Maybe it depends on the occasion: perhaps chili cheese dogs are a staple food during football tailgating. Maybe we eat them because it’s what Dad or Mom makes (or made) for us. Maybe they’re cheap and readily available at the corner store. Maybe we just like the way they taste. Or we know they’re unhealthy for us, but maybe we eat one every once in a while as a treat.

It’s a simple question with lots of possible answers, and these answers have to do with a person’s individual tastes, but also with their surroundings, their upbringing, their traditions. Most of us don’t think about the “why” behind our everyday decisions like this one.

Now, intimate partner and sexual violence could not be a farther topic from eating chili cheese dogs – but the one thing they share in common is that we can examine both through the Social-Ecological Model:

social-ecologicalmodel

The Centers for Disease Control and Prevention champions this framework, highlighting that it “considers the complex interplay between individual, relationship, community, and societal factors. It allows us to understand the range of factors that put people at risk for violence or protect them from experiencing or perpetrating violence. The overlapping rings in the model illustrate how factors at one level influence factors at another level.” (source)

So often, we respond to survivors of intimate partner and sexual violence by saying,

Why didn’t you leave?
I wouldn’t put up with that in a relationship.
Why didn’t you just go to the police?

These questions, while perhaps well-intentioned, miss the immense complexities of intimate partner and sexual violence, and how these complexities limit survivors’ choices. Leaving a violent relationship or seeking police or legal help are often not realistic, safe, or viable choices to survivors whose partners are isolating, controlling or threatening them.

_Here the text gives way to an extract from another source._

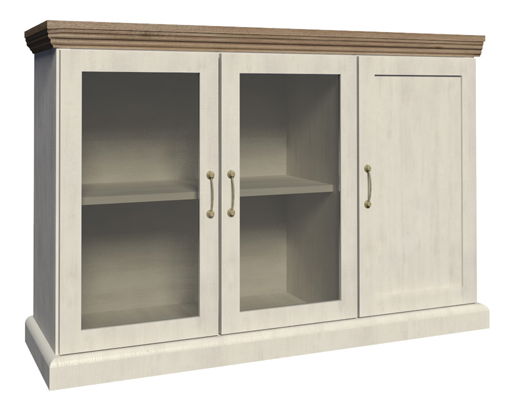 Nízká vitrína se dvěma prosklenými dveřmi uprostřed a nalevo a jedněmi plnými dveřmi umístěnými na pravo pod horní masivní deskou

More importantly, these questions also fail to hold the person perpetrating the violence accountable for their actions. A better question to examine is: why do people use violence in relationships?

Examined across the social ecology, some example reasons for this could include:

  • Societal: the offending partner believes jealousy, controlling behavior, and violence is normal in a relationship because of stereotypes and societal expectations about being a man
  • Societal again: the offending partner has been prosecuted for domestic violence before and was convicted and sentenced to 90 days in jail – so he knows that there may be legal consequences for domestic violence, but the consequences are relatively low
  • Community: the offending partner’s supervisor and co-workers notices that he is constantly using work time to call and harass his partner, but they have no policy to address partner violence in the workplace, so they don’t say or do anything
  • Relationship: the offending partner’s friends hear him insulting his partner and either don’t recognize it as an issue, or don’t speak up to check him on his abusive behaviors
  • Individual: the offending partner feels powerful, in control, and gets what he wants when he is violent

The Social-Ecological framework puts both the survivor’s and the offending partner’s choices into context. This framework also helps us think more deeply about how to prevent violence: as the CDC states, it “suggests that in order to prevent violence, it is necessary to act across multiple levels of the model at the same time. This approach is more likely to sustain prevention efforts over time than any single intervention.

The complex problem of intimate partner and sexual violence deserves a complex and comprehensive solution. At The Center for Women and Families, we advocate for survivors of intimate partner and sexual violence, and we believe that prevention of violence is an advocacy strategy.

When we support high schoolers in developing skills to intervene in incidences of bullying or violence; when we train medical students to screen their patients for relationship violence; when we engage men in conversations about preventing sexual assault – we’re creating a community of advocates who can help survivors reclaim their power, stop violent incidents before they start, and work to uproot violent norms altogether. All by asking a different question.